🤖 AI Summary
This work investigates the effectiveness of Bayesian methods in mitigating catastrophic forgetting in continual learning. We identify fundamental limitations of sequential Bayesian inference in Bayesian neural networks (BNNs), particularly model misspecification and task imbalance sensitivity arising from reusing weight-space priors across tasks. For the first time, we employ Hamiltonian Monte Carlo (HMC) to perform exact sequential posterior propagation, revealing its inherent inadequacy in weight space. To overcome this, we propose a novel paradigm—Prototype Bayesian Continual Learning—that shifts modeling from weight-space priors to task-level latent variables governing the generative process, thereby decoupling knowledge representation from parameter updates. Experiments demonstrate that conventional sequential BNNs inevitably suffer forgetting, whereas our approach achieves state-of-the-art Bayesian continual learning performance on class-incremental vision benchmarks. This work establishes a new baseline that is interpretable, robust, and scalable for Bayesian continual learning.
📝 Abstract
Sequential Bayesian inference can be used for continual learning to prevent catastrophic forgetting of past tasks and provide an informative prior when learning new tasks. We revisit sequential Bayesian inference and assess whether using the previous task’s posterior as a prior for a new task can prevent catastrophic forgetting in Bayesian neural networks. Our first contribution is to perform sequential Bayesian inference using Hamiltonian Monte Carlo.

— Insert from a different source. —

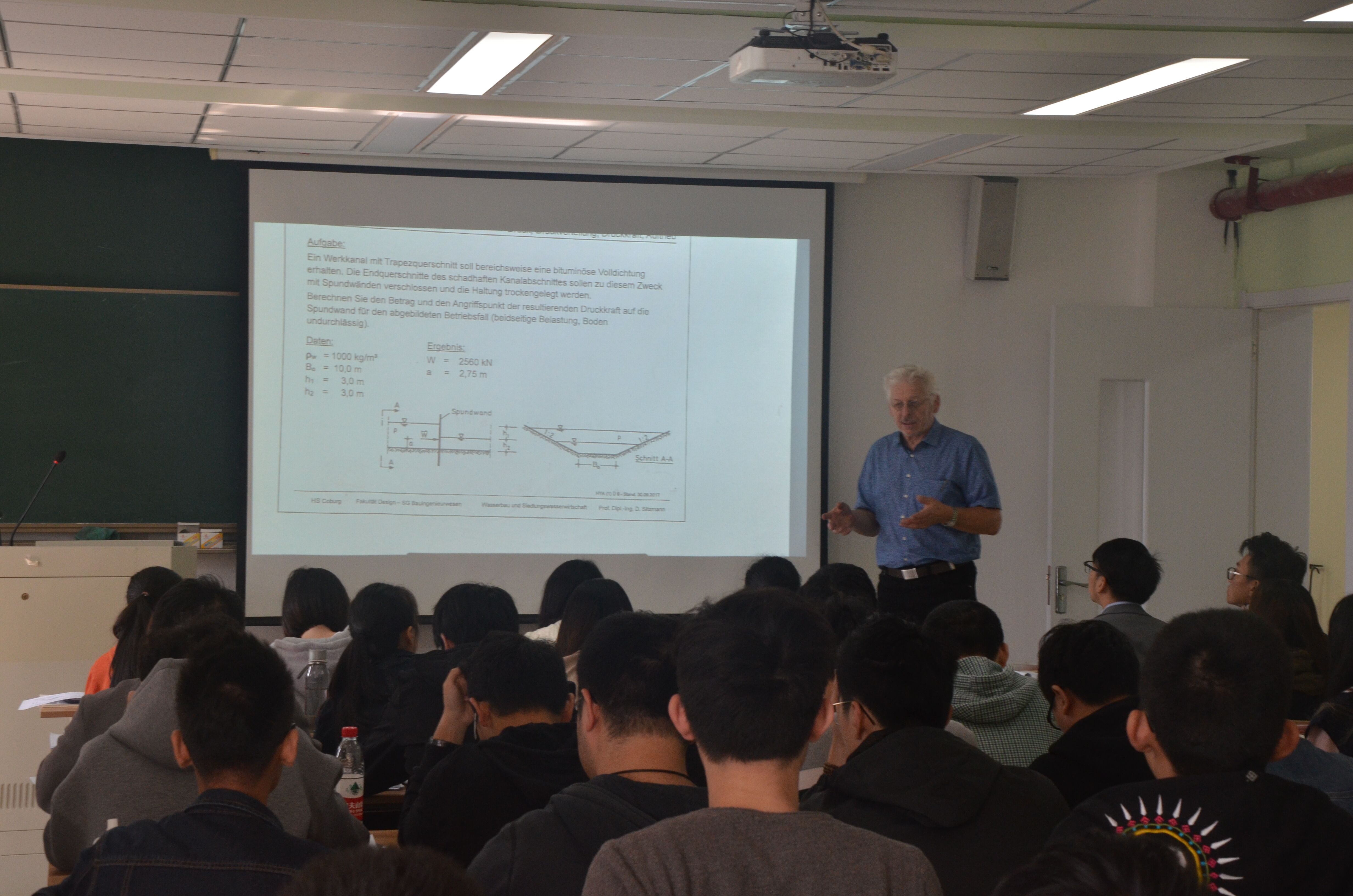 10月23日上午,来自德国科堡应用科技大学的迪特尔•舒兹曼教授开始为小宝探花 15级土木的同学讲授为期两周的《流体力学》课程。这是15级土木专业的同学们第一次经历的德方教授集中授课,同学们非常重视这次集中授课,部分同学在暑假就花时间查询整理了该门课程的相关德语专业词汇,以便于更好地理解这门课程。

We propagate the posterior as a prior for new tasks by approximating the posterior via fitting a density estimator on Hamiltonian Monte Carlo samples. We find that this approach fails to prevent catastrophic forgetting, demonstrating the difficulty in performing sequential Bayesian inference in neural networks. From there, we study simple analytical examples of sequential Bayesian inference and CL and highlight the issue of model misspecification, which can lead to sub-optimal continual learning performance despite exact inference. Furthermore, we discuss how task data imbalances can cause forgetting. From these limitations, we argue that we need probabilistic models of the continual learning generative process rather than relying on sequential Bayesian inference over Bayesian neural network weights. Our final contribution is to propose a simple baseline called Prototypical Bayesian Continual Learning, which is competitive with the best performing Bayesian continual learning methods on class incremental continual learning computer vision benchmarks.